BEGIN LISTED RECORDS
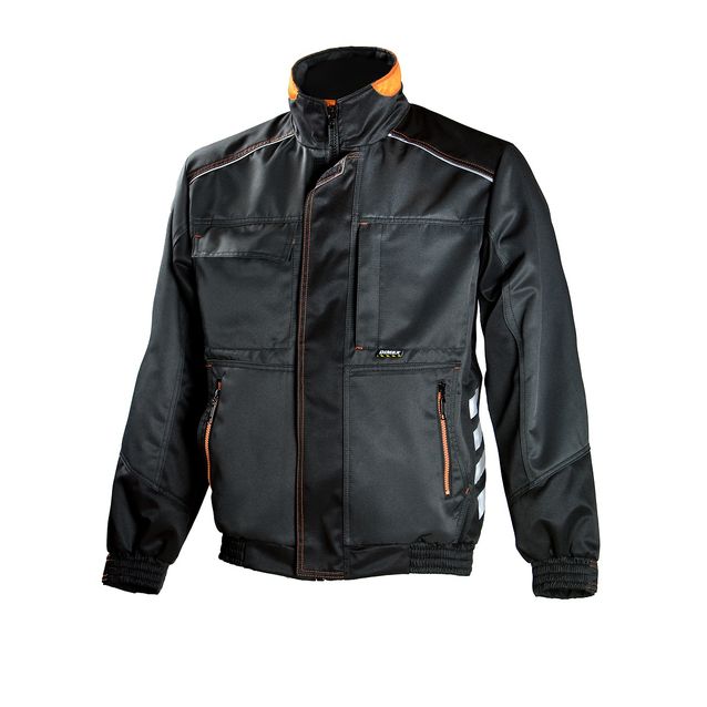 Dimexin monikäyttöinen ja vuoreton työtakki hylkii vettä ja likaa. Vetoketjullinen rintatasku, kannellinen rintatasku, esiin otettava vaaka/pysty henkilökorttitasku, tupla-alataskut, vetoketjullinen ja avoin povitasku. Hihansuussa ja helmassa kuminauha ja tamppi. Etulista. Heijastimet hartioilla ja takana sivuilla. Materiaali: 70 % polyesteri 30 % puuvilla, 245 g/m²
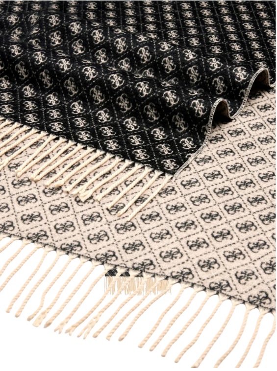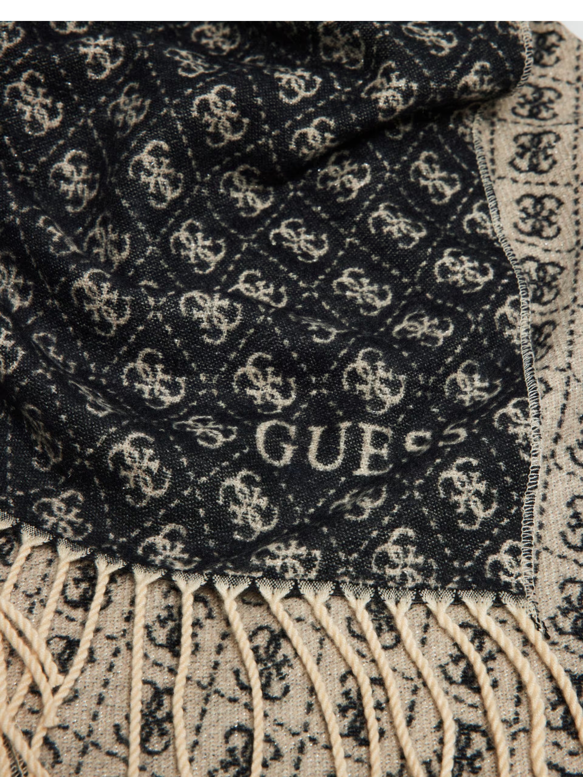 Sciarpa da donna Guess in morbido tessuto con stampa monogram beige su base nera. Design elegante e raffinato, arricchito da frange decorative e logo Guess ricamato sullestremità. Le dimensioni generose (60x180 cm) la rendono perfetta da avvolgere o drappeggiare per completare i look invernali con stile.
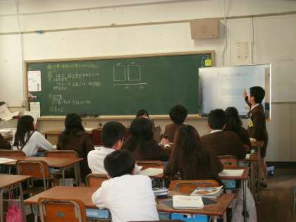 5年生は、習熟度別のクラスに分かれて算数の学習をしていました。分数と整数のかけ算の仕方について考えていました。
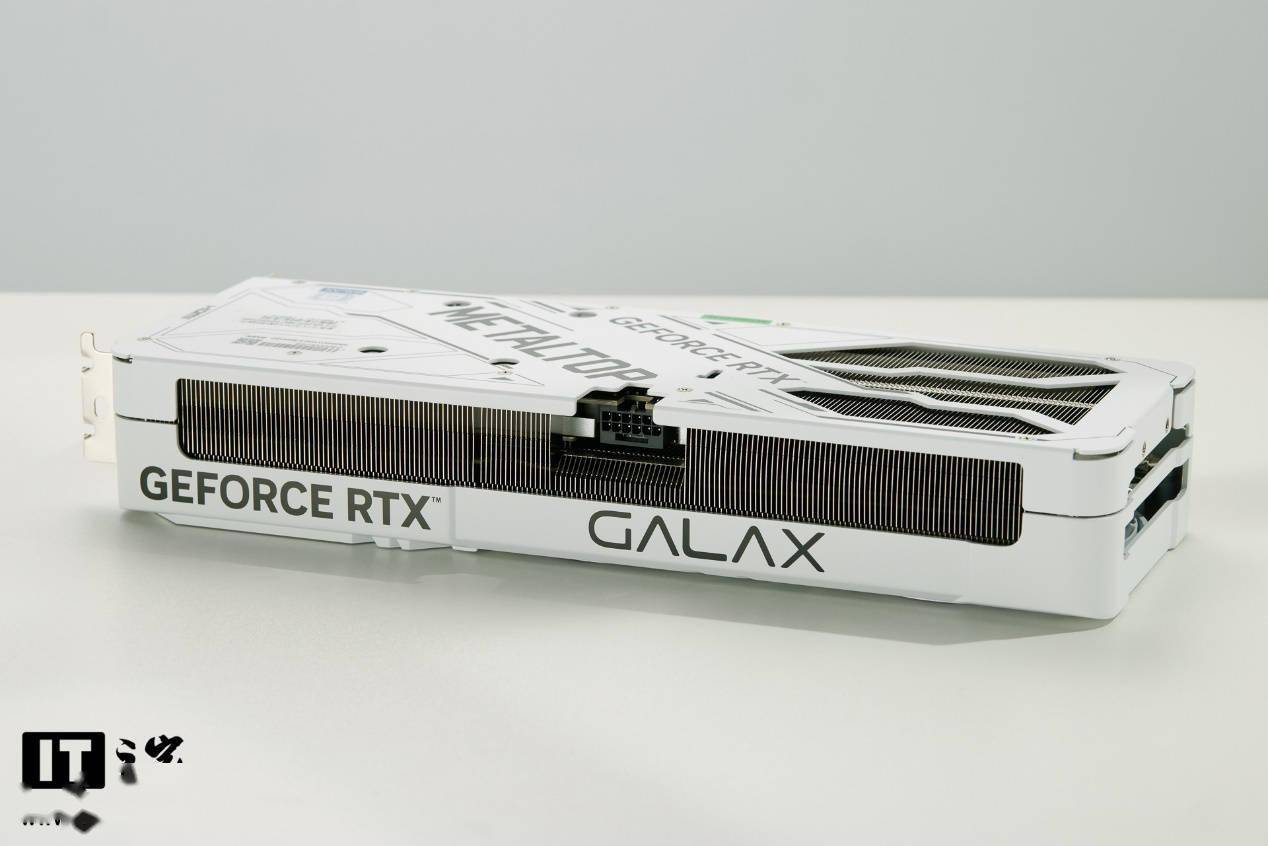 显卡的一侧采用了半包裹设计,金属外壳上印有GEFORCE RTX和GALAX的标志。上方露出内部密集的散热鳍片,居中位置是12V-2*6的显卡供电接口,采用反扣式设计和独立背板开槽,便于用户拔插。另一侧则可以看到置于金手指上方的显卡强化支架,金手指采用了全新的PCIe 5.0规格。
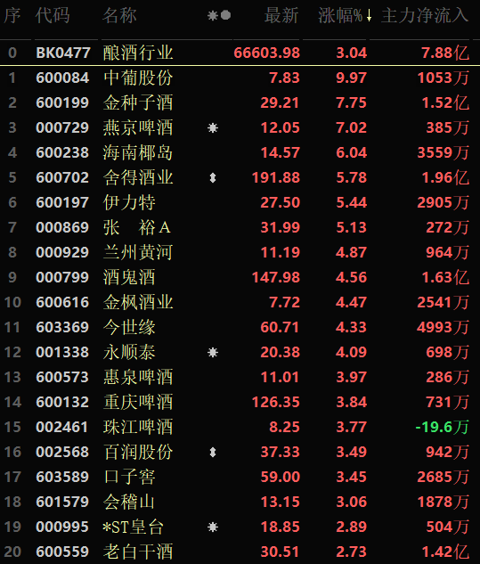 從早盤表現(xiàn)強(qiáng)勢(shì)的釀酒行業(yè)看,交易中的40只成份股有37只上漲,其中,中葡股份封漲停板,另有6只個(gè)股漲超5%。資金流向看,該行業(yè)大單資金凈流入額為7.88億元,居行業(yè)第2位。
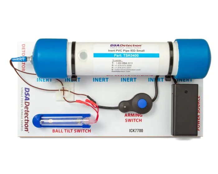 Powered by two AA batteries, this IED circuit would be activated when the improvised ball in the tilt switch comes in contact with the two wire leads. The pipe bomb is a PVC pipe with inert black powder. The X-ray correct black powder simulant is engineered to have the same density and effective atomic number (Zeff) as the real explosive threat.
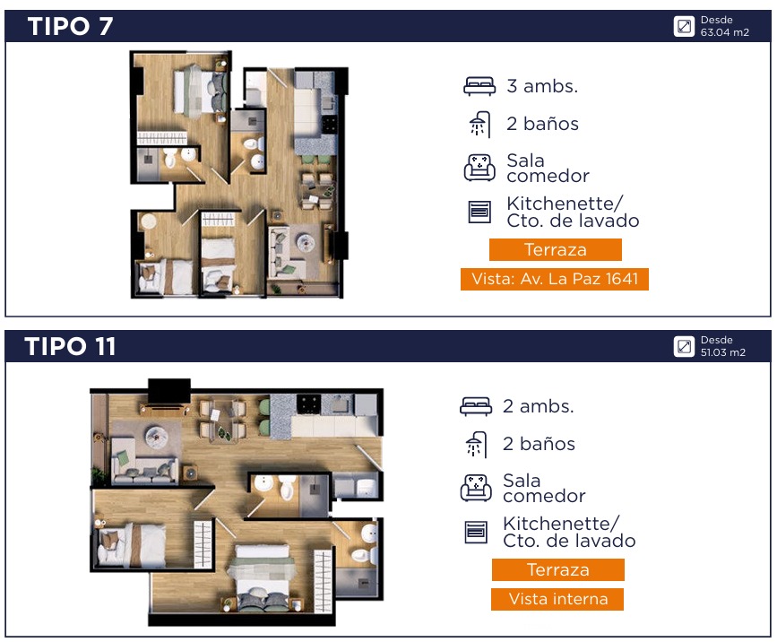 PROYECTO MULTIFAMILIAR DPTOS. DE 1, 2 Y 3 D. SAN MIGUEL ENTREGA MAYO 2027 Ubicado en la Av. La Paz, Urbanización Miramar, distrito San Miguel. Muy cerca del Centros comercial Plaza San Miguel, Hiraoka, Tayloy, Metro, Tottus, cines, clínicas, rodeado de parques. Cuenta con 13 pisos, distribuidos en 219 departamentos y 399 estacionamientos vehiculares. DESCRIPCIÓN: Área desde: 40.43m2 Sala Comedor Dormitorios Terraza Kitchenette Centro de lavado Baño completo Áreas comunes: Zona de niños Zona pet Área de bicicletas Área
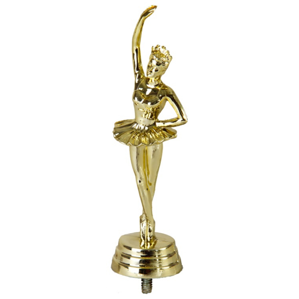 Цвет: золото, материал: пластик. Вид спорта: танцы. Фигурка выполнена в виде девушки-балерины. Одна ее рукам поднята вверх в элегантном движении, вторая находится на уровне талии. На голове девушки украшение. Балерина одета в пачку, на ногах пуанты. Высота, см: 14.6. Фигурку можно закрепить на цоколь, постамент или кубок.
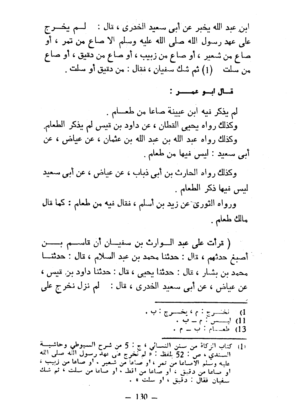 ابن عَبْدِ اللَّهِ يُخْبِرُ عَنْ أَبِي سَعِيدٍ الْخُدْرِيِّ قَالَ لَمْ يُخْرَجْ عَلَى عَهْدِ رَسُولِ اللَّهِ صَلَّى اللَّهُ عَلَيْهِ وَسَلَّمَ إِلَّا صَاعٌ مِنْ تَمْرٍ أَوْ صَاعٌ مِنْ شَعِيرٍ أَوْ صَاعٌ مِنْ زَبِيبٍ أَوْ صَاعٌ مِنْ دَقِيقٍ أَوْ صَاعٌ مِنْ سُلْتٍ ثُمَّ شَكَّ سُفْيَانُ فَقَالَ مِنْ دَقِيقٍ أَوْ سُلْتٍ قَالَ أَبُو عُمَرَ لم ذكر فِيهِ ابْنُ عُيَيْنَةَ صَاعًا مِنْ طَعَامٍ وَكَذَلِكَ رَوَاهُ يَحْيَى الْقَطَّانُ عَنْ دَاوُدَ بْنِ قَيْسٍ لَمْ يَذْكُرِ الطَّعَامَ وَكَذَلِكَ رَوَاهُ عَبْدُ اللَّهِ بن عبد الله بن عثمان عن عياض عَنْ أَبِي سَعِيدٍ لَيْسَ فِيهَا مِنْ طَعَامٍ وَكَذَلِكَ رَوَاهُ الْحَارِثُ بْنُ أَبِي ذُبَابٍ عَنْ عِيَاضٍ عَنْ أَبِي سَعِيدٍ لَيْسَ فِيهَا ذِكْرُ الطَّعَامِ وَرَوَاهُ الثَّوْرِيُّ عَنْ زَيْدِ بْنِ أَسْلَمَ فَقَالَ فِيهِ مِنْ طَعَامٍ كَمَا قَالَ مَالِكٌ طعام (قَرَأْتُ عَلَى عَبْدِ الْوَارِثِ بْنِ سُفْيَانَ أَنَّ قَاسِمَ بْنَ أَصْبَغَ حَدَّثَهُمْ قَالَ حَدَّثَنَا مُحَمَّدُ بْنُ عَبْدِ السَّلَامِ قَالَ حَدَّثَنَا مُحَمَّدُ بْنُ بَشَّارٍ قَالَ حَدَّثَنَا يَحْيَى قَالَ حَدَّثَنَا دَاوُدُ بْنُ قَيْسٍ عَنْ عِيَاضٍ عَنْ أَبِي سَعِيدٍ الْخُدْرِيِّ قَالَ لَمْ نَزَلْ نُخْرِجُ عَلَى
END LISTED RECORDS
- _ASSIGNMENT_: With the pictures removed, print only the lines starting at the line that has "5年生は、習熟度別のクラスに" and ending at the line that has "Цвет: золото, материал: пластик.", both ends included, exactly as they stand above.

- _EXPECTED OUTPUT_:
 5年生は、習熟度別のクラスに分かれて算数の学習をしていました。分数と整数のかけ算の仕方について考えていました。
 显卡的一侧采用了半包裹设计,金属外壳上印有GEFORCE RTX和GALAX的标志。上方露出内部密集的散热鳍片,居中位置是12V-2*6的显卡供电接口,采用反扣式设计和独立背板开槽,便于用户拔插。另一侧则可以看到置于金手指上方的显卡强化支架,金手指采用了全新的PCIe 5.0规格。
 從早盤表現(xiàn)強(qiáng)勢(shì)的釀酒行業(yè)看,交易中的40只成份股有37只上漲,其中,中葡股份封漲停板,另有6只個(gè)股漲超5%。資金流向看,該行業(yè)大單資金凈流入額為7.88億元,居行業(yè)第2位。
 Powered by two AA batteries, this IED circuit would be activated when the improvised ball in the tilt switch comes in contact with the two wire leads. The pipe bomb is a PVC pipe with inert black powder. The X-ray correct black powder simulant is engineered to have the same density and effective atomic number (Zeff) as the real explosive threat.
 PROYECTO MULTIFAMILIAR DPTOS. DE 1, 2 Y 3 D. SAN MIGUEL ENTREGA MAYO 2027 Ubicado en la Av. La Paz, Urbanización Miramar, distrito San Miguel. Muy cerca del Centros comercial Plaza San Miguel, Hiraoka, Tayloy, Metro, Tottus, cines, clínicas, rodeado de parques. Cuenta con 13 pisos, distribuidos en 219 departamentos y 399 estacionamientos vehiculares. DESCRIPCIÓN: Área desde: 40.43m2 Sala Comedor Dormitorios Terraza Kitchenette Centro de lavado Baño completo Áreas comunes: Zona de niños Zona pet Área de bicicletas Área
 Цвет: золото, материал: пластик. Вид спорта: танцы. Фигурка выполнена в виде девушки-балерины. Одна ее рукам поднята вверх в элегантном движении, вторая находится на уровне талии. На голове девушки украшение. Балерина одета в пачку, на ногах пуанты. Высота, см: 14.6. Фигурку можно закрепить на цоколь, постамент или кубок.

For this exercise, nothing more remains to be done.